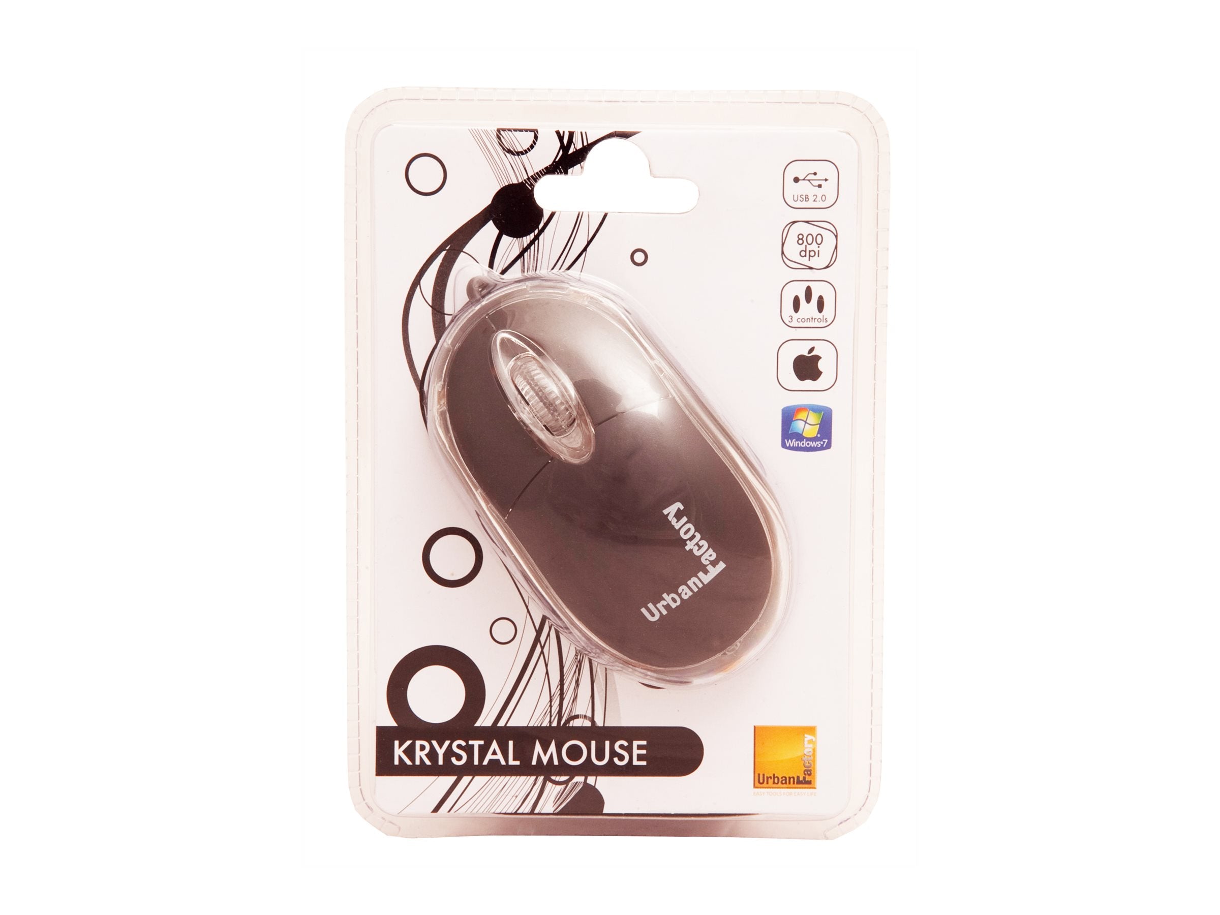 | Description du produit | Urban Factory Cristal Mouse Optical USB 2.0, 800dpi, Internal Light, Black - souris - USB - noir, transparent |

+++

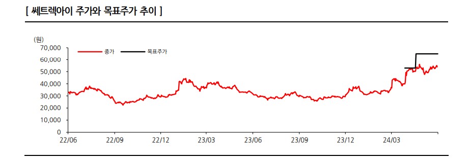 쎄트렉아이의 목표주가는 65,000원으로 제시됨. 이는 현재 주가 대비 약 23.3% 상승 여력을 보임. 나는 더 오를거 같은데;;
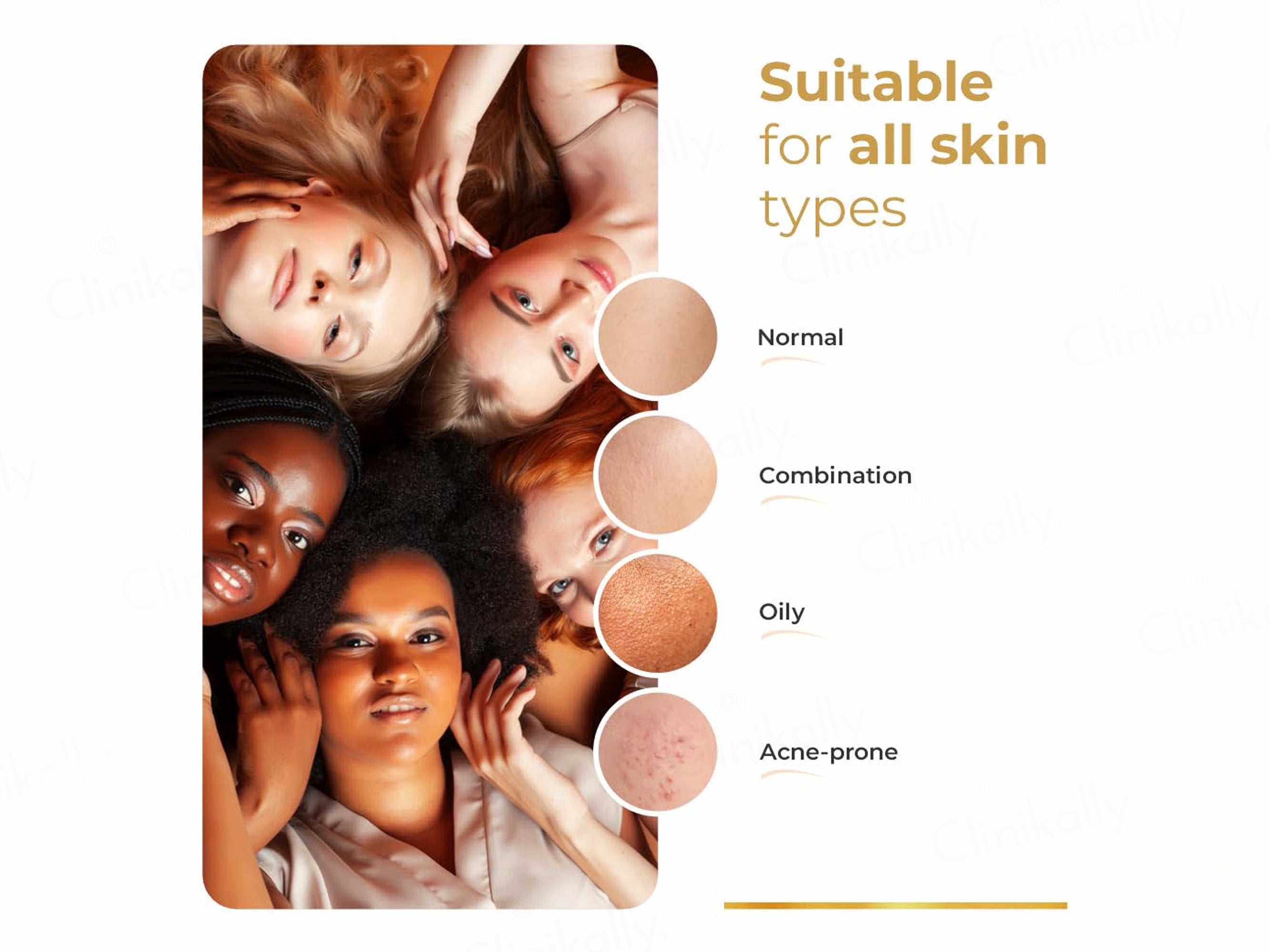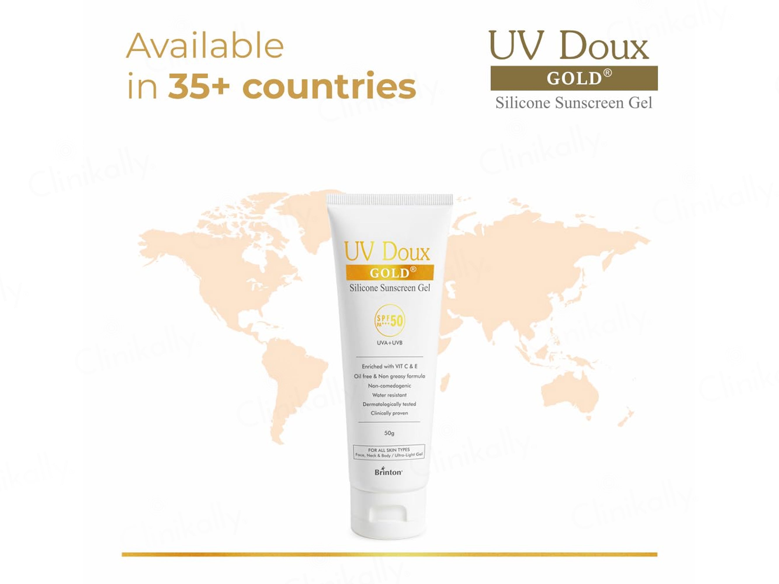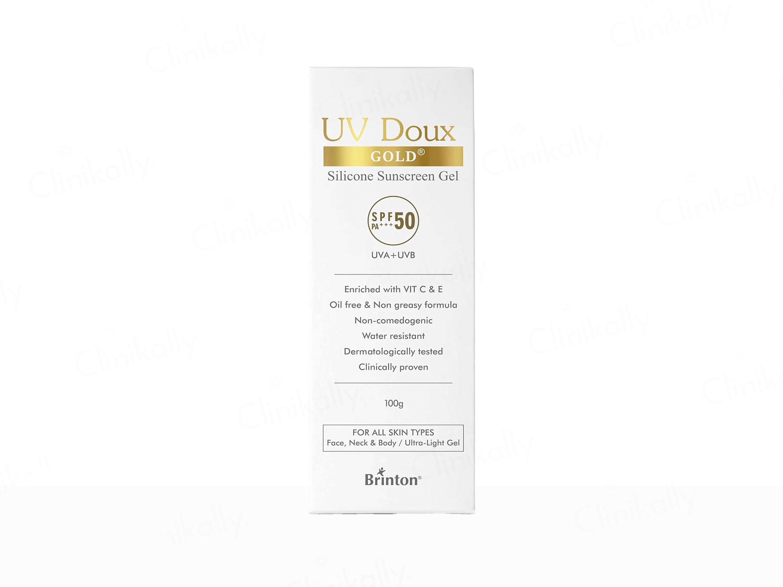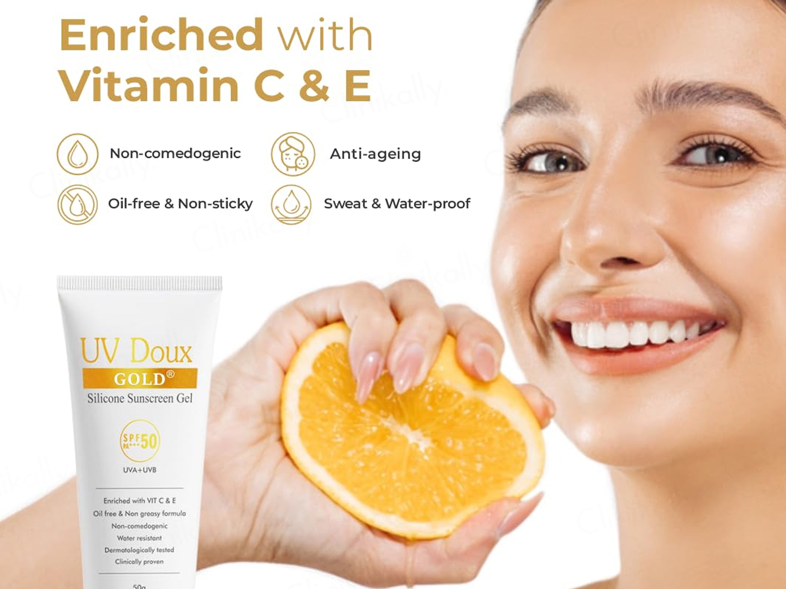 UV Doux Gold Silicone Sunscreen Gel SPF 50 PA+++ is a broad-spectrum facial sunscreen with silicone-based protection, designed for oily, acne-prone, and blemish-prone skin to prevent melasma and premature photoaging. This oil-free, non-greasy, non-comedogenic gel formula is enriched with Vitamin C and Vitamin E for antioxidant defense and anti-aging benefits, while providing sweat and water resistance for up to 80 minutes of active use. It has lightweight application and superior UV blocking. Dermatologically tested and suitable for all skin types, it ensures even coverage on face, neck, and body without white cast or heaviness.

+++

Pictures aside, print exactly the lines above starting with the one containing "쎄트렉아이의 목표주가는 65,000원으로" and going on through the one containing "UV Doux Gold".

■ Answer to the exercise
 쎄트렉아이의 목표주가는 65,000원으로 제시됨. 이는 현재 주가 대비 약 23.3% 상승 여력을 보임. 나는 더 오를거 같은데;;
 UV Doux Gold Silicone Sunscreen Gel SPF 50 PA+++ is a broad-spectrum facial sunscreen with silicone-based protection, designed for oily, acne-prone, and blemish-prone skin to prevent melasma and premature photoaging. This oil-free, non-greasy, non-comedogenic gel formula is enriched with Vitamin C and Vitamin E for antioxidant defense and anti-aging benefits, while providing sweat and water resistance for up to 80 minutes of active use. It has lightweight application and superior UV blocking. Dermatologically tested and suitable for all skin types, it ensures even coverage on face, neck, and body without white cast or heaviness.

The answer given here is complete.